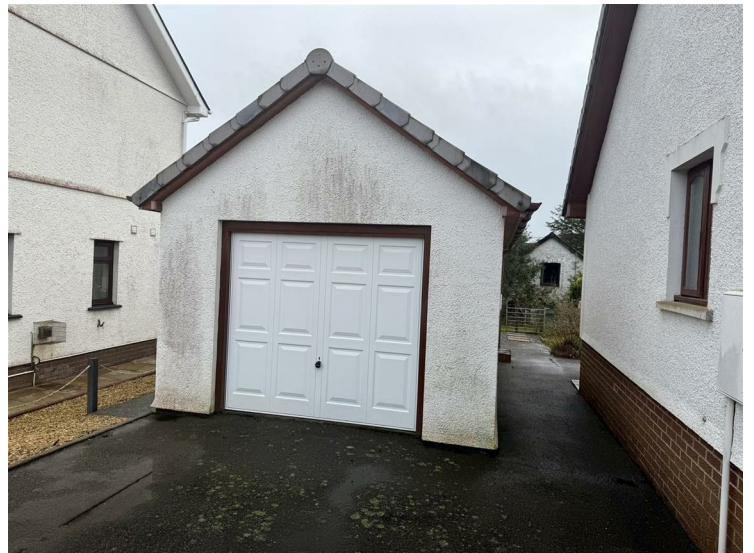
Detached garage with front up and over door and rear courtesy door.
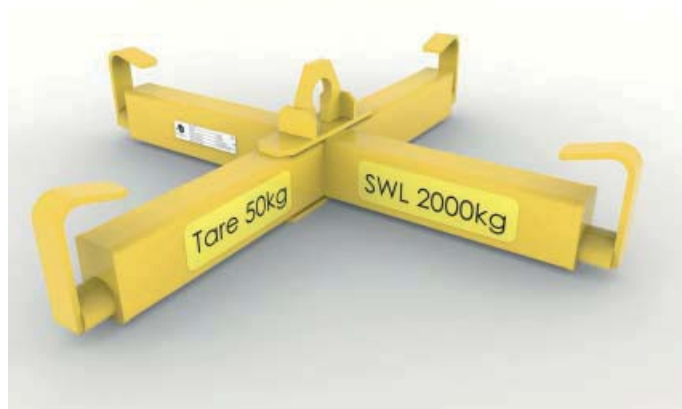
Example: BC07-02 1000mm Bag Carrier

Either model can be used for handling bulk bags up to 2000kg. The larger model is also used to hold bags open for loading.
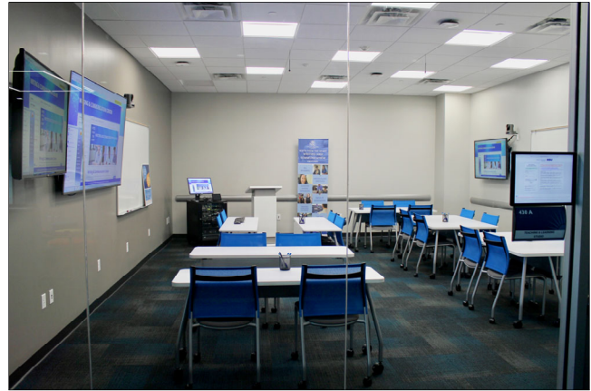
Teaching and Learning Studio
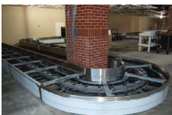
Stainless steel trim installed around bag claim. The white covering will be removed after installation is complete.

Hear a rumor? Contact Ann, athorvik@chrysalisglobal.com
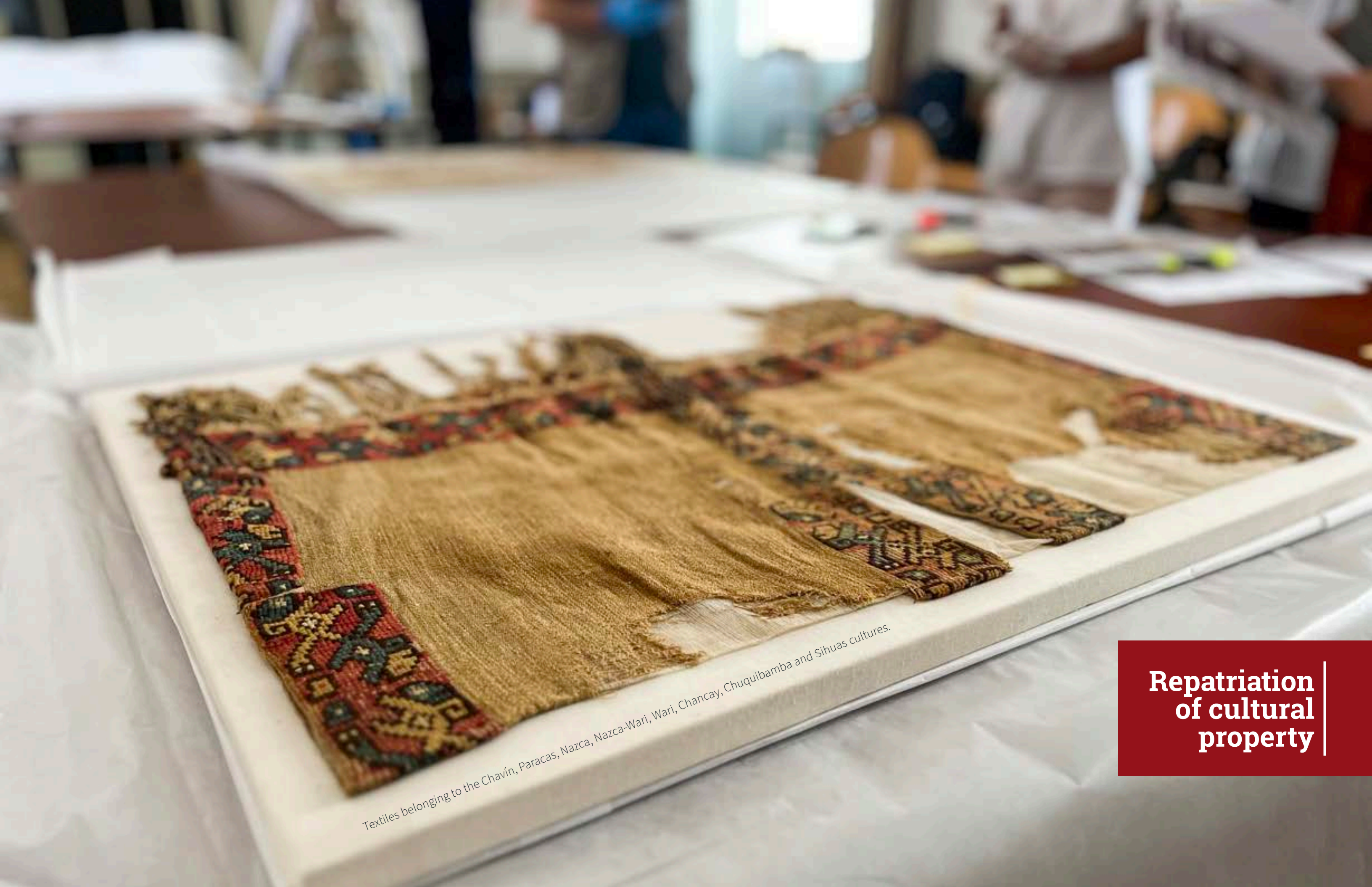
Textiles belonging to the Chavín, Paracas, Nazca, Nazca-Wari, Wari, Chancay, Chuquibamba and Sihuas cultures.
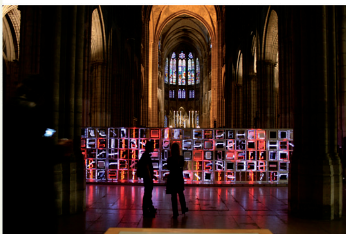
'Framework f5x5x5' by LAB[au]

Recently, after two years of work, the Brussels-based LAB[au] exhibited 'Framework f5x5x5', a 2x10m generative and interactive kinetic display, at the Basilique de Saint-Denis in Paris. The sensoric installation consists of a aluminium-plexiglas-structure which is illuminated by 6750 LEDs.
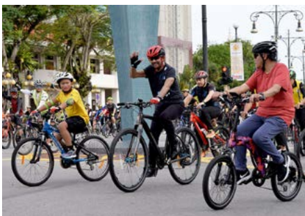
16. Healthy citizens towards achieving Brunei Vision 2035
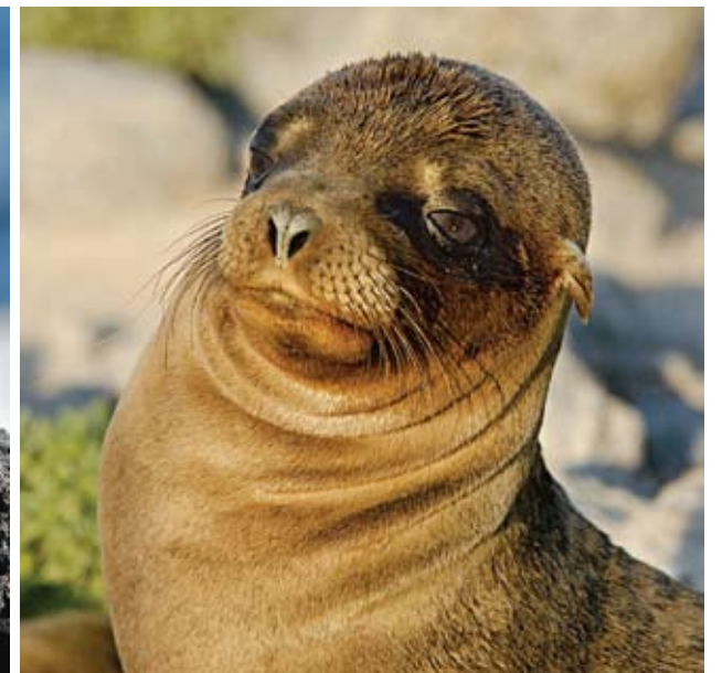
ANIMAL PLANET. The wildlife was not intimidated by us including (clockwise from top left), an iguana, Sally Lightfoot crab, sea lion and marine iguana.

Soon after sunrise each morning, we were off exploring our new location, which was guaranteed to be different from our previous one. The diversity of the topography and wildlife was stunning, and while sometimes we felt like taking a break from the intense schedule, it was impossible not to want to see everything.
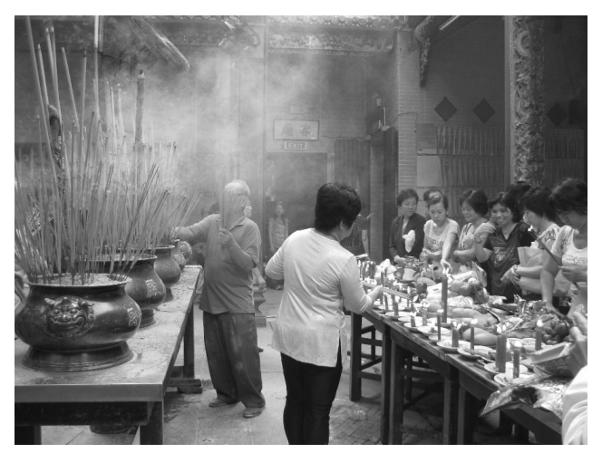
<br/> <Figure 5> People worshipping Tianhou.

Poorer people offer the goddess incense, cooking oil, and some money<sup>11</sup>. On festival days, the clubhouse committee usually appoints its female members to perform rituals for prayer. In this case, pilgrims give their offerings to Chinese women at the central shrine. These women receive offerings and pour more oil into seven-top-kerosene lamps before making vows. They vow either in Chinese, if they are Chinese, or in Vietnamese if they are of the Kinh people. Here, people usually buy many towels and baby-shirts to ask for Mother Tianhou's stamp so that those who use them will always be in good health, peace, and blessed with good luck (see figure 5).

━━━━━━

Here the job is to copy the listing above word for word, starting at the line with "Stainless steel trim" and ending at the line with "Recently, after two", and to leave out the pictures.

Stainless steel trim installed around bag claim. The white covering will be removed after installation is complete.

Hear a rumor? Contact Ann, athorvik@chrysalisglobal.com
Textiles belonging to the Chavín, Paracas, Nazca, Nazca-Wari, Wari, Chancay, Chuquibamba and Sihuas cultures.
'Framework f5x5x5' by LAB[au]

Recently, after two years of work, the Brussels-based LAB[au] exhibited 'Framework f5x5x5', a 2x10m generative and interactive kinetic display, at the Basilique de Saint-Denis in Paris. The sensoric installation consists of a aluminium-plexiglas-structure which is illuminated by 6750 LEDs.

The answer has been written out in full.